The rise in yields has pressured tech names, as investors calculate that future earnings gains will be less valuable amid higher rates. The 10-year Treasury yield is currently around 1.49%, up from 1.3% on Sept. 22.
“Yields are likely to be biased higher for the time being as the world (and monetary policy) normalizes and inflation proves more durable than hoped,” the research firm Vital Knowledge wrote in a report. While some tech investors view the decline as temporary, “we think this time is different.”
The tech world exists in a universe of its own where the promise of the future is given a present value that is often exceptionally enthusiastic. Companies are given a great deal of leeway by investors because of low interest rates.
I’m reminded of Wimpy’s plea “I'd gladly pay you Tuesday for a hamburger today”. No one in the Popeye cartoons ever wanted to give Wimpy a hamburger but, in a world held together by promises the supply of hamburgers is infinite and maybe payment next Tuesday doesn’t sound so bad.

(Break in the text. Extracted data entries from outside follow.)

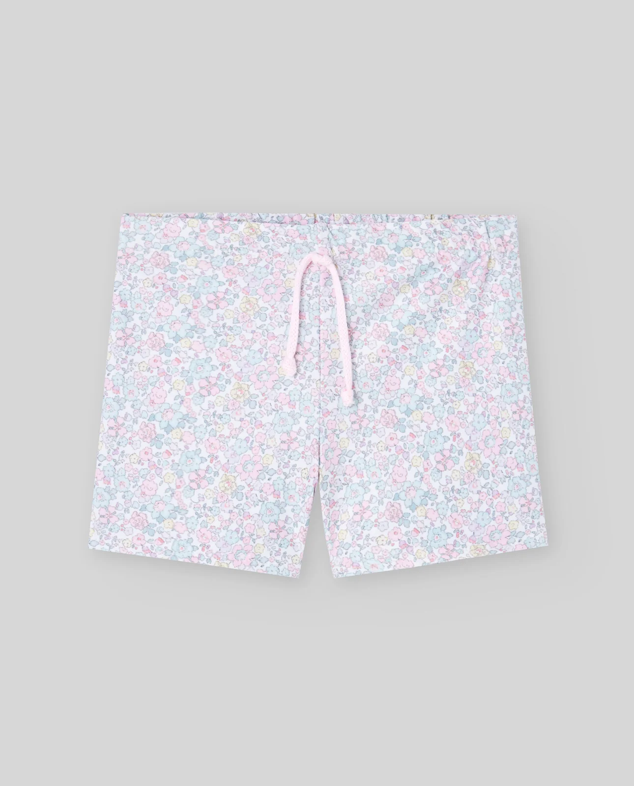 Bañador corto tipo bóxer en tejido elástico estampado con motivo floral. Cordón decorativo anudado en el delantero. Tejido con protección solar.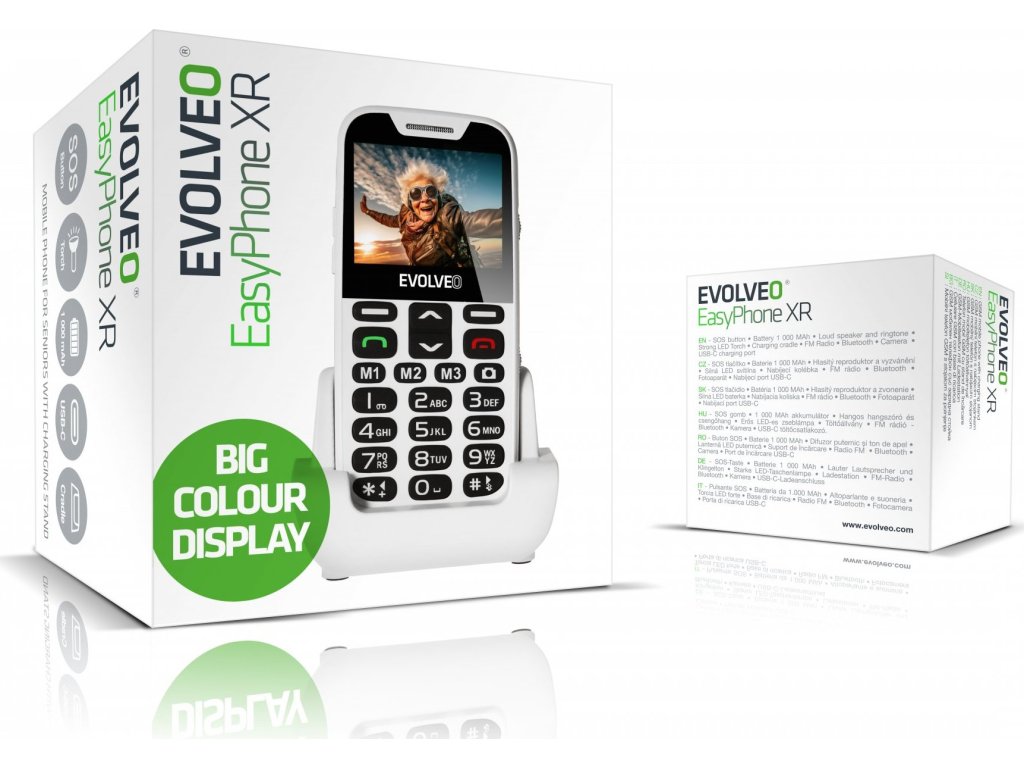 EVOLVEO EasyPhone XR, mobilní telefon pro seniory s nabíjecím stojánkem, bílá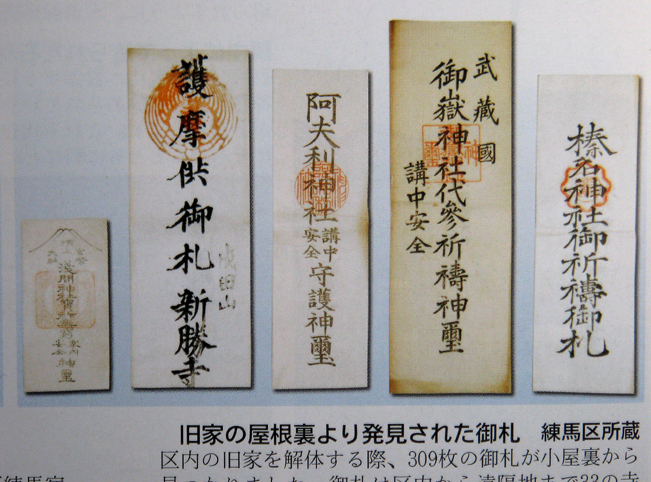山国ニッポンだから、山岳信仰が昔から根強くかつ広範囲だというのはわかっていたけど。。。こうもたくさんあるとは。 今回は、関東限定のレクチャーだったのに2時間では短くて短くて。西海先生はどんどん話を飛ばし、内容もあっちこっちに及ぶ。予備知識のない人には何のことやらだったでしょう。でも、お話が面白かったので、(私はなんとかついていけましたけど)そうでない人にも楽しい時間だったみたいです♪ 現代は情報が簡単に手に入るし、いろんな人とのつながりも持てる。でも昔の人は血縁者以外で助け合うことはそれほど容易ではなかったのです。同じ信仰を持つ人達との集まりはもちろんですが、日常生活で助け合う為・結束する為に「講」はごく自然に必要だったのだ、ということがよくわかりました。(山岳信仰に関係なくても講の種類はおびただしい。何でも講になっちゃう。「マッチ講」なんてものもあったとは!まあそれはまたの機会に。。。あ、女人講は近々書くことになるかも) で、日本に霊山は数あれど、関東の山々はまあこんな。 私が気になる富士講は「出羽三山講」「木曽御嶽(おんたけ)講」同様、関東から離れた山を信仰するものですが、山が近くにあって盛んな講は「大山講」「秋葉山講」「武州御嶽(みたけ)講」「三峰講」「成田不動講」「筑波講」「筑波山大同講」「加波山大同講」「足尾山大同講」等まだまだ。。。 大山講は結構ポピュラーですが、北関東もこんなディープです。 講はひとつに入るとは限りません。一軒で数講に入るのは日常でした。たとえば、下の図録にあるように、旧家の天井裏から発見された御札からは「富士山/成田山/大山/三峰山/榛名山」を信仰していたことがわかります。(こりゃ年中忙しかったね〜と思われますが、お山の信仰は自分で行かなくても富士塚やミニ木曽御嶽山のような、築山が村内にあったり「代参=代表者が参詣」というシステムをとっていたのです) ついでにローカルな話。練馬区で催された講義というわけで、資料室にも練馬の面白い品々がたくさん。これは「上石神井村絵図」にある「道者道」の部分(図録から)です。 今も富士街道ってありますね。練馬区を北東から南西に横切る道。これが相模の大山へ続く「富士大山道」のことで、この図で「道者道」と書かれた道のことです。近くに私の馴染みのある土支田町(村)も出ていて、しみじみ面白く感じましたよ〜♪ つづく。。。(たぶん)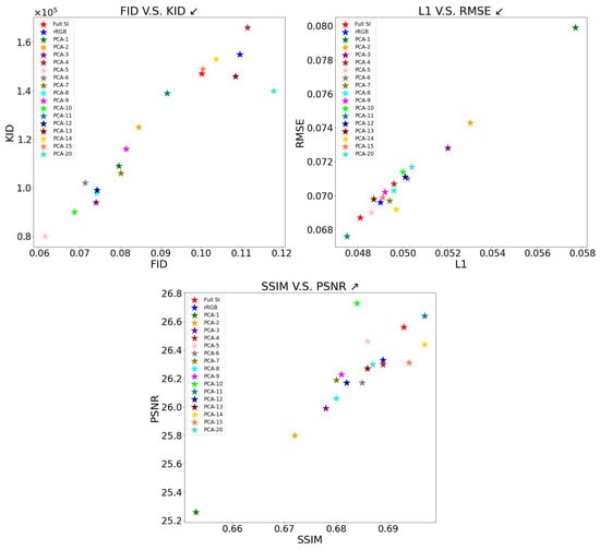 The six metrics for all types of datasets are displayed across three different scatter plots. All dataset methods achieved similar results in the spatial metrics, including L1, RMSE, PNSR, and SSI, with a small advantage for PCA-10 and PCA-11. However, the evaluation of the results using statistical measures (FID and KID) shows a clear advantage for PCA-5. Arrows on the figure titles indicate the direction of better results.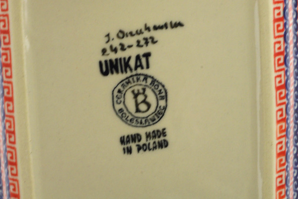 Unikat (Signature) rectangular baker with handles, which means that it has been hand painted with both sponges and brushes and it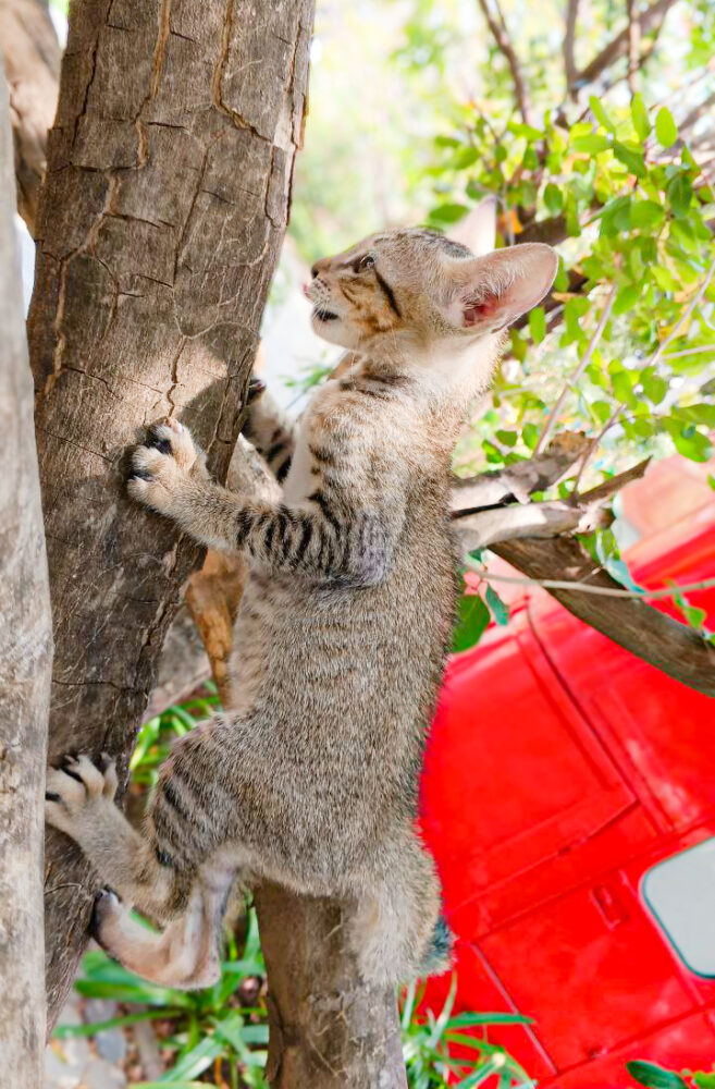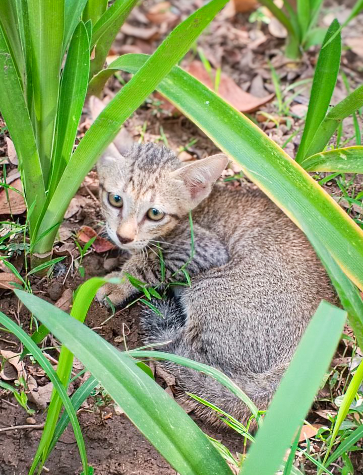 This handsome tabby boy is full of curiosity and loves exploring his surroundings! 🌿🐾

Since the low in 2020 there has been two big consolidations. Each was for about less than 1800 with the most recent dipping briefly into the late 2020 range. The current reaction is for 1310 points and is now testing the region of the trend mean and the upper side of the underlying range.
If the trend is to remain consistent, it will find support within the next 500 points.
How bonds yields perform is likely to be the deciding factor in how much demand for dip buying appears.
The extraordinary prices UK natural gas is currently commanding may not last but crude oil broke above $80 today. That’s going to contribute to inflationary pressures. The challenge for central banks is the economy is extremely interest rate sensitive because so much leverage has built up over the years. They are talking about tapering and raising rates but how realistic are those goals? There is a real chance they are in a debt trap and have no choice than to tolerate higher inflation because combating it with tighter policy would cause a crash.
The Dollar has not quite vindicated that argument yet but if the Dollar Index breaks back below the trend mean it would be time to take the debt trap question more seriously.
Amazon failed to hold the break above $3500 in July and the dynamic of the failure was larger than the dynamic of the breakout. That suggests at least a retest of the $3000 level is likely.